Your objective —
Once the line with "Light green bifold" is found in the data, output it and each following line exactly, up to and including the line with "Кровать полуторная,низкая.", and nothing before or after.

[Entries taken from a collection]

● ● ●

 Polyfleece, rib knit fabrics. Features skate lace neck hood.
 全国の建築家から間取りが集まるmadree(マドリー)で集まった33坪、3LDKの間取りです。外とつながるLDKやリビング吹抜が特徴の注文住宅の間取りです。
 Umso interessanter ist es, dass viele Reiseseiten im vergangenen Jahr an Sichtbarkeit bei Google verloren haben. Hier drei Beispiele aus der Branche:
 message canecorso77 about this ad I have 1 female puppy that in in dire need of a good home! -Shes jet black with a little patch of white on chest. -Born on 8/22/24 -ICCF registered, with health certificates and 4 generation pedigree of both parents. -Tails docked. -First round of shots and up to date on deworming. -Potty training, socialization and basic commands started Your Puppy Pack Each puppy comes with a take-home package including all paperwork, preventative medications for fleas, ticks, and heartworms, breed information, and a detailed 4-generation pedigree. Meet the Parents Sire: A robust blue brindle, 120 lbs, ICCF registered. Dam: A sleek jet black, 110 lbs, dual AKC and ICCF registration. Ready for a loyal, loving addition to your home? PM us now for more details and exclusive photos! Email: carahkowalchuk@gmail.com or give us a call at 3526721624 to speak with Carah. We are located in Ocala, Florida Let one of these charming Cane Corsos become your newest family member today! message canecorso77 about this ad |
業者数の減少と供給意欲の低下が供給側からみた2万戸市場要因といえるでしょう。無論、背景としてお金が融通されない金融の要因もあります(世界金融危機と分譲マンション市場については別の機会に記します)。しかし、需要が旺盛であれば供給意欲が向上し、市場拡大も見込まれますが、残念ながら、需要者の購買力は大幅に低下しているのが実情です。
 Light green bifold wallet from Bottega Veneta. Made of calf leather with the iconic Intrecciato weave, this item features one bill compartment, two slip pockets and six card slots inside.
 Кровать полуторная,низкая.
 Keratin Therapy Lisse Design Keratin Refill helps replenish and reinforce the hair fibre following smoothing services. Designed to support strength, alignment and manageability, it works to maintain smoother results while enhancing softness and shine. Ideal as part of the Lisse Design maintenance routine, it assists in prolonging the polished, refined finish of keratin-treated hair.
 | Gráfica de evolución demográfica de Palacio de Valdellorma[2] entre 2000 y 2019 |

● ● ●

Response to the exercise —
 Light green bifold wallet from Bottega Veneta. Made of calf leather with the iconic Intrecciato weave, this item features one bill compartment, two slip pockets and six card slots inside.
 Кровать полуторная,низкая.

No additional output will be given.